Starting with the line containing "On the lower" and going on through the line containing "それから、オランダの国旗🇳🇱", return the lines of the data below exactly, and only those.

- [WORKING DATA]:
Segment Open

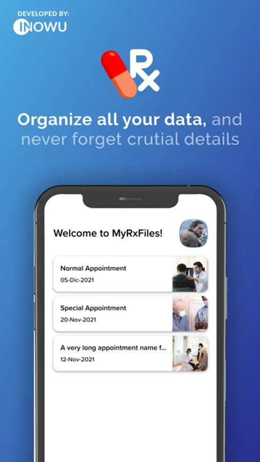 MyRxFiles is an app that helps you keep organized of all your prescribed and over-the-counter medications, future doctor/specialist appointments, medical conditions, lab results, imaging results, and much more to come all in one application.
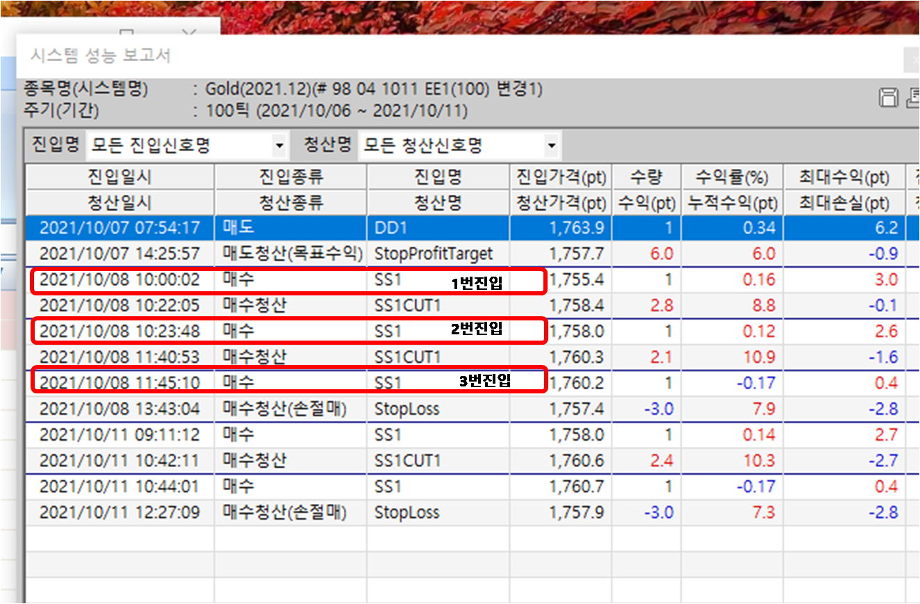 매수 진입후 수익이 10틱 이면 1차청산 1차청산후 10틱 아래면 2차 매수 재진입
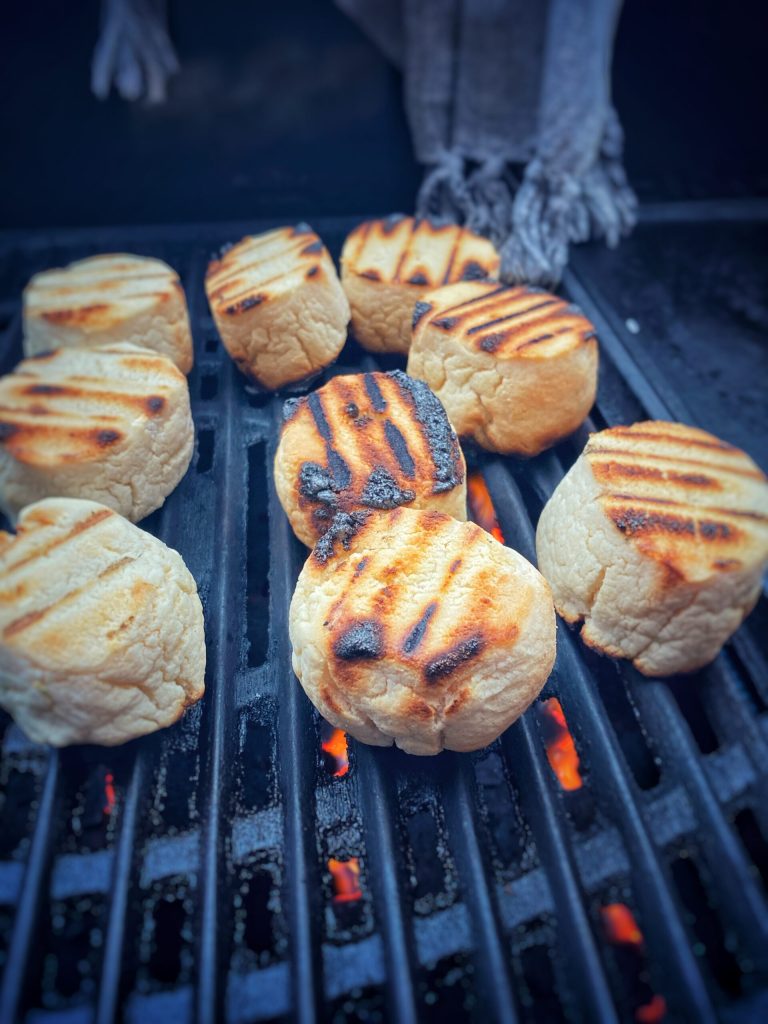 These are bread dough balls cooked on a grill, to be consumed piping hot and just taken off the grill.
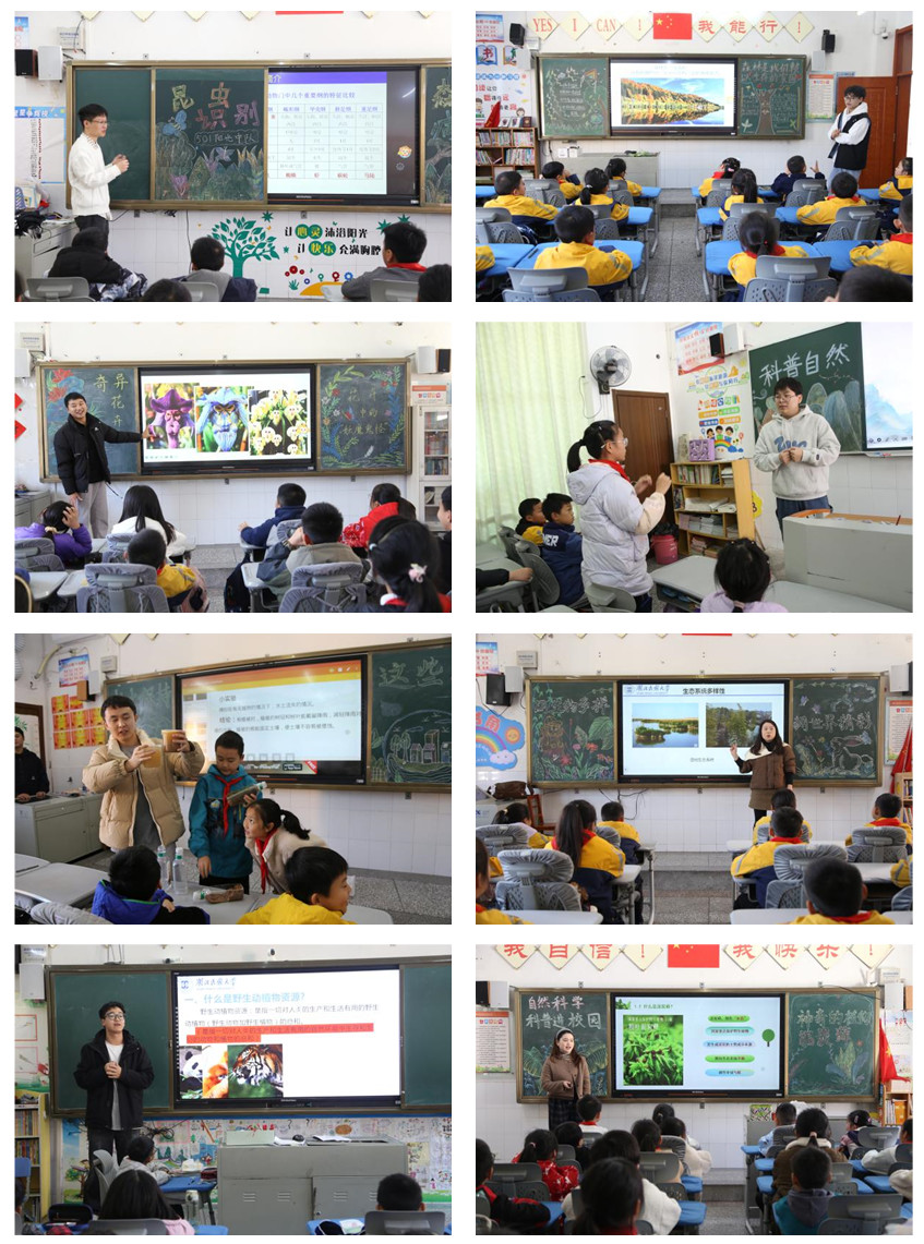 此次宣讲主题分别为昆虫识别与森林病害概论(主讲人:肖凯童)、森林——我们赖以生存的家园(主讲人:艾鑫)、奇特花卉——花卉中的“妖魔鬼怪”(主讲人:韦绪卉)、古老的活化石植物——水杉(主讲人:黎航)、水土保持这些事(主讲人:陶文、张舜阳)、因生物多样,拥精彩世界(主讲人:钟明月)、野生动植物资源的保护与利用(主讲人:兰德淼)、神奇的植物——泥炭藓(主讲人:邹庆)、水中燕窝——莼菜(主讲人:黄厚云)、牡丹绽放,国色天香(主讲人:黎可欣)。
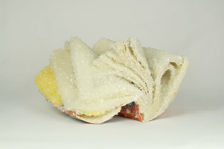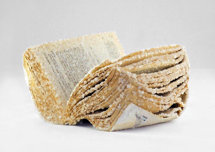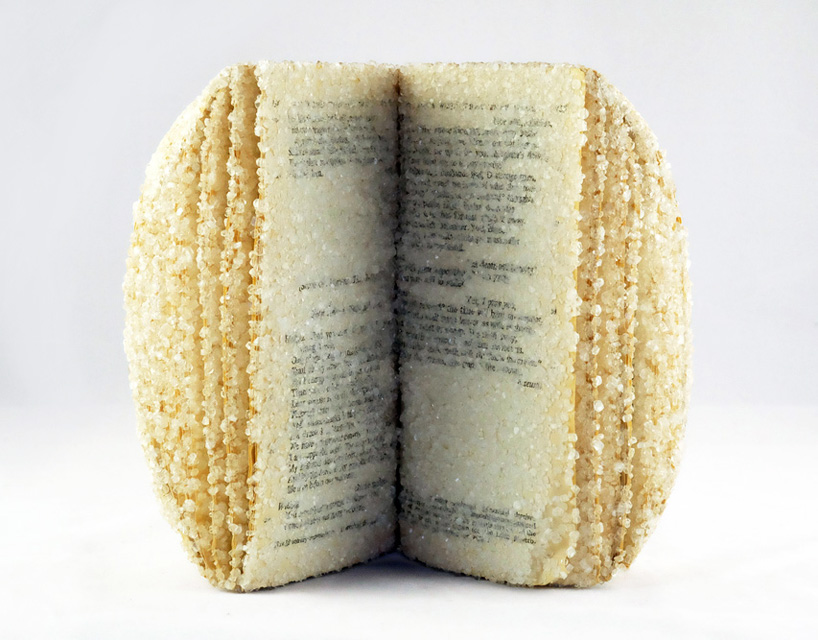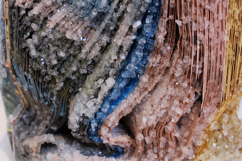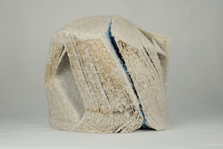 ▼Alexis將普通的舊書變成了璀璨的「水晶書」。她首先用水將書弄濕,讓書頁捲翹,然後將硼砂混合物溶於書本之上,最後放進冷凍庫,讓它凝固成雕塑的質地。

Segment Closed
Segment Open

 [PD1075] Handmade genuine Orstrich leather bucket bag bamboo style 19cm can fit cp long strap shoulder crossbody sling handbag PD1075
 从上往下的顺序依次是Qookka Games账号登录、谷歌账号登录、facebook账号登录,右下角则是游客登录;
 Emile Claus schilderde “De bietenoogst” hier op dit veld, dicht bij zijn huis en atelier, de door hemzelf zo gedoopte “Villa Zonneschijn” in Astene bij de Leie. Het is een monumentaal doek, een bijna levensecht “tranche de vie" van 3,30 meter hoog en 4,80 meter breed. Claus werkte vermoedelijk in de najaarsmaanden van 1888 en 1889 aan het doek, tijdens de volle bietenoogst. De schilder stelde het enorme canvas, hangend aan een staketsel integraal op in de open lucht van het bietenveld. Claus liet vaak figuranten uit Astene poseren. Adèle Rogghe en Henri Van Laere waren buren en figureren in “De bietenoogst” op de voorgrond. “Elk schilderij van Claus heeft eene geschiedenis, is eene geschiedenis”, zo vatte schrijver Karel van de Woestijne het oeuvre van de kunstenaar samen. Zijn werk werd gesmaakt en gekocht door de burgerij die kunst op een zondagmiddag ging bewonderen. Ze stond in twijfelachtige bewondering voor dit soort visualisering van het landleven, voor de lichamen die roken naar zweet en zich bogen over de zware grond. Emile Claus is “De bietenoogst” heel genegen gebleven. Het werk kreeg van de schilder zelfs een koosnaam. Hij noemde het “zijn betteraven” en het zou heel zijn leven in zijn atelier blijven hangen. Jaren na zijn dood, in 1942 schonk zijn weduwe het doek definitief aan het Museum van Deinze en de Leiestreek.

Segment Closed
Segment Open

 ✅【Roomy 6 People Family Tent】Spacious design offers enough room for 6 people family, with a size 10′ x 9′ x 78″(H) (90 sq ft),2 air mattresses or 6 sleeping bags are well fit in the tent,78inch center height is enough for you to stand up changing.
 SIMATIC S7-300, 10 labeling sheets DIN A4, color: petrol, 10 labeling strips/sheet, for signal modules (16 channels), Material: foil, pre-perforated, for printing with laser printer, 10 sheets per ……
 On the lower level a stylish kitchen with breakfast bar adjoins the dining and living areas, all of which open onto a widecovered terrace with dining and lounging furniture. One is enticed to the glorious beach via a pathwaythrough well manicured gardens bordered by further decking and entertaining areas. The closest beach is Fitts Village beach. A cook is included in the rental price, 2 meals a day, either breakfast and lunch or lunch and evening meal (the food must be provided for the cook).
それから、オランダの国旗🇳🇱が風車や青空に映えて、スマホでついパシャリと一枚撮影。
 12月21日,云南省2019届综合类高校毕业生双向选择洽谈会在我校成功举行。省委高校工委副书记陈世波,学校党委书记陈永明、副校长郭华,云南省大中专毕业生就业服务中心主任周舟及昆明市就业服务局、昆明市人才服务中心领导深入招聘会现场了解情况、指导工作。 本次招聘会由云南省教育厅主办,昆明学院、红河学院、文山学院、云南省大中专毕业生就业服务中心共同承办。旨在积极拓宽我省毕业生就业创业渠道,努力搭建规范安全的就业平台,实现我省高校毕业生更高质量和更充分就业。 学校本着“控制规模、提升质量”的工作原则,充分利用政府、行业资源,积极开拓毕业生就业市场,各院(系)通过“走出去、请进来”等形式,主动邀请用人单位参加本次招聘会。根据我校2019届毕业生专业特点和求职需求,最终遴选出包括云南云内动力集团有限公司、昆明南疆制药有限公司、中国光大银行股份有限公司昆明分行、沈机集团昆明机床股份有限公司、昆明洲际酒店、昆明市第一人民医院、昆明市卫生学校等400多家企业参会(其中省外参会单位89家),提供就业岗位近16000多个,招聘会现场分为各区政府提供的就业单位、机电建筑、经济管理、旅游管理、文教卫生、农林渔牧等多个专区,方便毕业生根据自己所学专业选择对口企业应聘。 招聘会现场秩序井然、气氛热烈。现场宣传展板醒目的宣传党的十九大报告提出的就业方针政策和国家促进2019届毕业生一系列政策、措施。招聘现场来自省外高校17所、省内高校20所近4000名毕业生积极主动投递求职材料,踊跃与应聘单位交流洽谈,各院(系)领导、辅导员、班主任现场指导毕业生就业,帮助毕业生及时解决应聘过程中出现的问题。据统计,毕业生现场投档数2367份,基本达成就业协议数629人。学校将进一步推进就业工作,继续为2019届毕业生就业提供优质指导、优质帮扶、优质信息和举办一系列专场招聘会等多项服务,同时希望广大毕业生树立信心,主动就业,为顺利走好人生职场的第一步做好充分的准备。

Segment Closed

- [RESPONSE BELOW]:
 On the lower level a stylish kitchen with breakfast bar adjoins the dining and living areas, all of which open onto a widecovered terrace with dining and lounging furniture. One is enticed to the glorious beach via a pathwaythrough well manicured gardens bordered by further decking and entertaining areas. The closest beach is Fitts Village beach. A cook is included in the rental price, 2 meals a day, either breakfast and lunch or lunch and evening meal (the food must be provided for the cook).
それから、オランダの国旗🇳🇱が風車や青空に映えて、スマホでついパシャリと一枚撮影。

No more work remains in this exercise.